- **THE DATA**
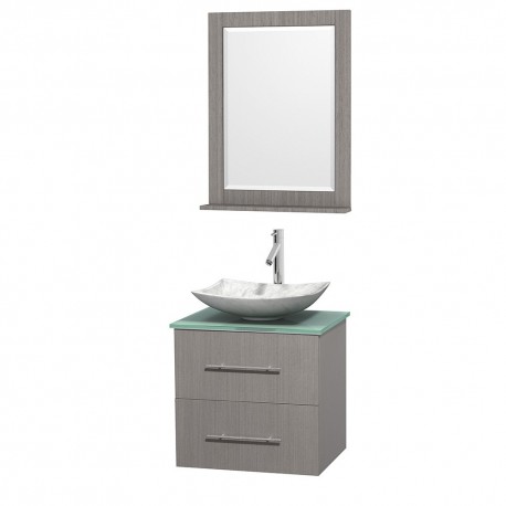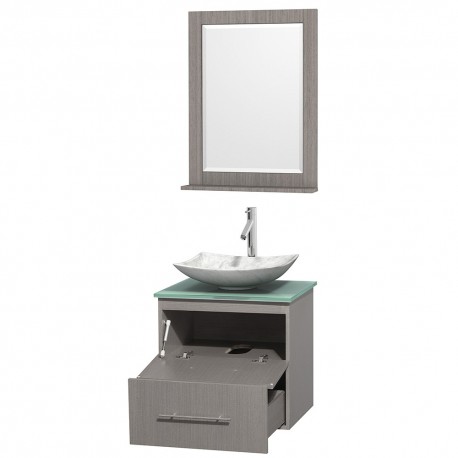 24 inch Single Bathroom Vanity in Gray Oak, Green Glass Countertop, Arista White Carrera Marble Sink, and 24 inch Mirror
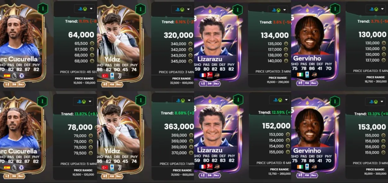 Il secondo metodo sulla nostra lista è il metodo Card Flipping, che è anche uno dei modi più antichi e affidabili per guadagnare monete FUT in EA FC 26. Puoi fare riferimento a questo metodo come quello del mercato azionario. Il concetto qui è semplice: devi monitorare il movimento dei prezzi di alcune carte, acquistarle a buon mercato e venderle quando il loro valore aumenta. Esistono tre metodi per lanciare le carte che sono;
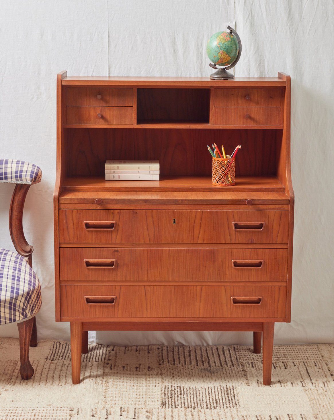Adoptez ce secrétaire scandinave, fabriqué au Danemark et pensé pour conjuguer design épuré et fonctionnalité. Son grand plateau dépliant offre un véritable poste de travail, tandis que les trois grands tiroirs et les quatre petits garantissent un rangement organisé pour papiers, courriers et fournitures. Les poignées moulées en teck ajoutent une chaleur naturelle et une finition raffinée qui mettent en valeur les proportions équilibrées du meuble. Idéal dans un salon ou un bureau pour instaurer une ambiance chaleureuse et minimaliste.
--
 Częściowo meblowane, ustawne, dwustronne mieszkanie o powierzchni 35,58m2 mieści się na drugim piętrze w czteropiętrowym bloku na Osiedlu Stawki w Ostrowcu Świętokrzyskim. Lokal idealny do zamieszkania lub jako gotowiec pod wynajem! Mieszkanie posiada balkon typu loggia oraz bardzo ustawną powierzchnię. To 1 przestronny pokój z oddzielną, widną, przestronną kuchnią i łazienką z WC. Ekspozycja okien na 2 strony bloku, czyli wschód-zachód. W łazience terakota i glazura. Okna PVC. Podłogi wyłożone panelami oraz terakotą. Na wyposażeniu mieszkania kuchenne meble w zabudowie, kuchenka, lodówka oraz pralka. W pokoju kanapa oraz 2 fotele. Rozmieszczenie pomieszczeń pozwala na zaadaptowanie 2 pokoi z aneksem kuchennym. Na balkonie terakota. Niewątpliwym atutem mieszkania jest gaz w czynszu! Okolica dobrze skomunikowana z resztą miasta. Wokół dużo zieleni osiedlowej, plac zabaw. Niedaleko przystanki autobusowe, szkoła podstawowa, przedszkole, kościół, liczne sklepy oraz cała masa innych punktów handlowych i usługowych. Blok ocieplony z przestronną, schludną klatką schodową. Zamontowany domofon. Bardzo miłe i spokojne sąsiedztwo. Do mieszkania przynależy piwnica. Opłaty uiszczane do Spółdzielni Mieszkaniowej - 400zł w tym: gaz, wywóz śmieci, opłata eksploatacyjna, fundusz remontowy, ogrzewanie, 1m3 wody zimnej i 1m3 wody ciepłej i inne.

- **WORK TO COMPLETE**
Above are some records; extract exactly the lines from the one containing "24 inch Single" through the one containing "Il secondo metodo" and drop the pictures.

- **YOUR RESPONSE**
 24 inch Single Bathroom Vanity in Gray Oak, Green Glass Countertop, Arista White Carrera Marble Sink, and 24 inch Mirror
 Il secondo metodo sulla nostra lista è il metodo Card Flipping, che è anche uno dei modi più antichi e affidabili per guadagnare monete FUT in EA FC 26. Puoi fare riferimento a questo metodo come quello del mercato azionario. Il concetto qui è semplice: devi monitorare il movimento dei prezzi di alcune carte, acquistarle a buon mercato e venderle quando il loro valore aumenta. Esistono tre metodi per lanciare le carte che sono;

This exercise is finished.